▶ _PROBLEM DESCRIPTION_
Transcribe only the part of the material below that begins at the line containing "MARQUAGE AU SOL" and ends at the line containing "Banda Juvenil y", with both kept and images left out.

========

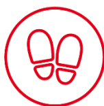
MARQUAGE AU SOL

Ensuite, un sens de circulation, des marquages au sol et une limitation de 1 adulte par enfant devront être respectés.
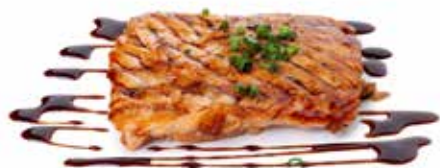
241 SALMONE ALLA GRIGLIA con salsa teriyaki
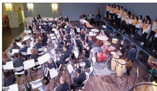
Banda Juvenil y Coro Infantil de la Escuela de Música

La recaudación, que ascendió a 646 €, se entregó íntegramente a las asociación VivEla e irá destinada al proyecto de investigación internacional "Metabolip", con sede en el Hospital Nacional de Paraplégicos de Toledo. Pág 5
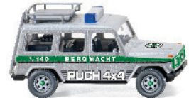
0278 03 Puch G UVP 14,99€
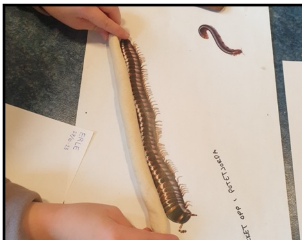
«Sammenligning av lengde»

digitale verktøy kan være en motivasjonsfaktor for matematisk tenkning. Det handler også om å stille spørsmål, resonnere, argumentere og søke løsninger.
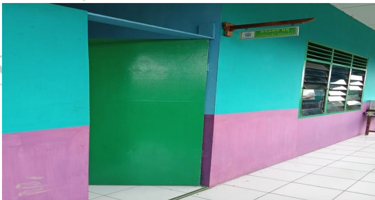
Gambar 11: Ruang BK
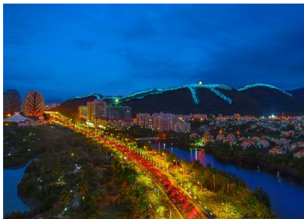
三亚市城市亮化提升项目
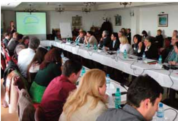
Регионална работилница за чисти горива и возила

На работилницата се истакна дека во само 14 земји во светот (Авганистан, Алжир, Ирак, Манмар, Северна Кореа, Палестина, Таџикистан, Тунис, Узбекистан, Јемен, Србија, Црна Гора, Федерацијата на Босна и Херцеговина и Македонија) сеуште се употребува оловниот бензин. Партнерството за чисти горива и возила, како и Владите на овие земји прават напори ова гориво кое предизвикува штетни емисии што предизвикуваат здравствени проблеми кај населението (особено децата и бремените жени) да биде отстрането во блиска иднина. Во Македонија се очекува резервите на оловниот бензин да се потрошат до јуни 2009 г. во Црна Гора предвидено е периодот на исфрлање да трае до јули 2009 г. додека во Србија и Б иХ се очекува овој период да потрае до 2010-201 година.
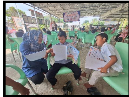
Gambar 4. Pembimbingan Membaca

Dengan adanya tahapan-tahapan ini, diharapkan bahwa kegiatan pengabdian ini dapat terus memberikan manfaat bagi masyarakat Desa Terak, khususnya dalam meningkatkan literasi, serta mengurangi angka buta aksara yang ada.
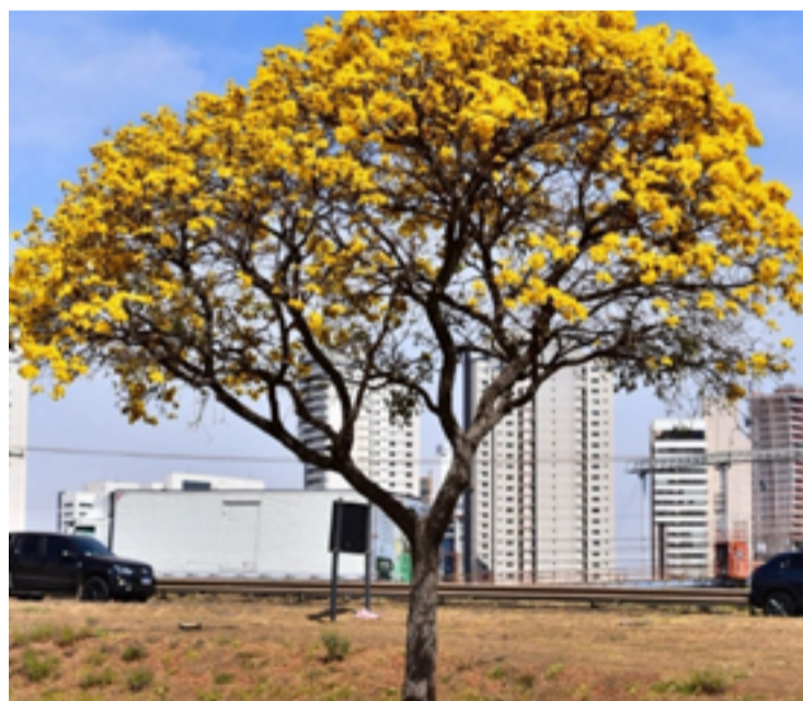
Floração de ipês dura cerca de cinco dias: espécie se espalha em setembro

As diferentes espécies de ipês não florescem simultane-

========

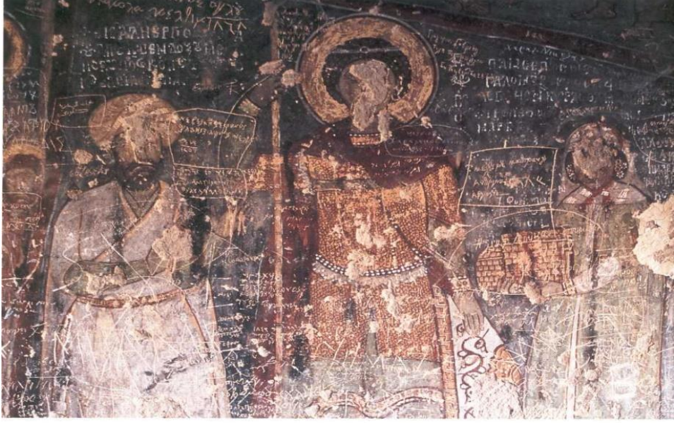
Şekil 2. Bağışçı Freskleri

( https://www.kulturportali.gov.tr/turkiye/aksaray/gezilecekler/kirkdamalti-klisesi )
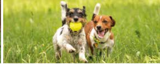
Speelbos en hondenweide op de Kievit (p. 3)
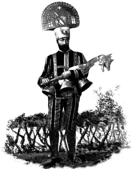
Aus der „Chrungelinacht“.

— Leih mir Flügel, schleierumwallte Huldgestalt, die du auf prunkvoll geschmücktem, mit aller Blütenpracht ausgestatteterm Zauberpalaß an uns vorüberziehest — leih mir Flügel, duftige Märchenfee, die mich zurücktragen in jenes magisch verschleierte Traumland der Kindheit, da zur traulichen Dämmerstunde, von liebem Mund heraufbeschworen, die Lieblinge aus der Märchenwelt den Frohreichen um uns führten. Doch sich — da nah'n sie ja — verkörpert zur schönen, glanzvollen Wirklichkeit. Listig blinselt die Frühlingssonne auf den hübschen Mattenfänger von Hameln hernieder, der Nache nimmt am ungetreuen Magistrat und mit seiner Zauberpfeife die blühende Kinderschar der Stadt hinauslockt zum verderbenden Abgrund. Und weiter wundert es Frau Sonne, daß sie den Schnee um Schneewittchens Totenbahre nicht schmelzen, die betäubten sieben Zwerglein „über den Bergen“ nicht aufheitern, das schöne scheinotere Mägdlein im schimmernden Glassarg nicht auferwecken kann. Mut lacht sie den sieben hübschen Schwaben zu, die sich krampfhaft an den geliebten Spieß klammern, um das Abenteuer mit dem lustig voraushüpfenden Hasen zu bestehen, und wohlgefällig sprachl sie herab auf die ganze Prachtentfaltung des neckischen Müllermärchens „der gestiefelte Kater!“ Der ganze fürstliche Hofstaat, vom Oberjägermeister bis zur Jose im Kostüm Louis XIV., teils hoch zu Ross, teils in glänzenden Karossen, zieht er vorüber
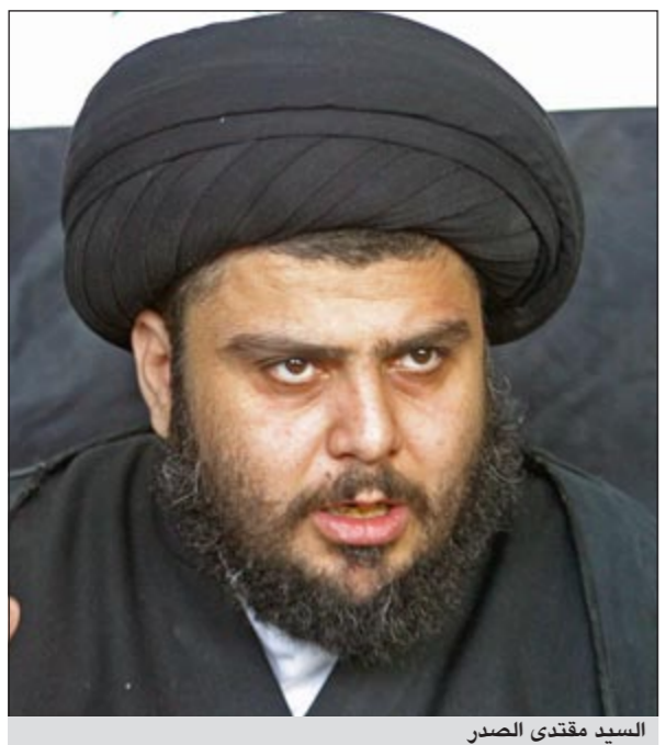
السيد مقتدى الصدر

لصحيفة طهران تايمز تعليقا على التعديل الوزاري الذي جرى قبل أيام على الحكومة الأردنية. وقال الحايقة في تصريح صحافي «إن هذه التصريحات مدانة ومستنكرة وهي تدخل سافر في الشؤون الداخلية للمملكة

========

▶ _ANSWER AREA_
MARQUAGE AU SOL

Ensuite, un sens de circulation, des marquages au sol et une limitation de 1 adulte par enfant devront être respectés.
241 SALMONE ALLA GRIGLIA con salsa teriyaki
Banda Juvenil y Coro Infantil de la Escuela de Música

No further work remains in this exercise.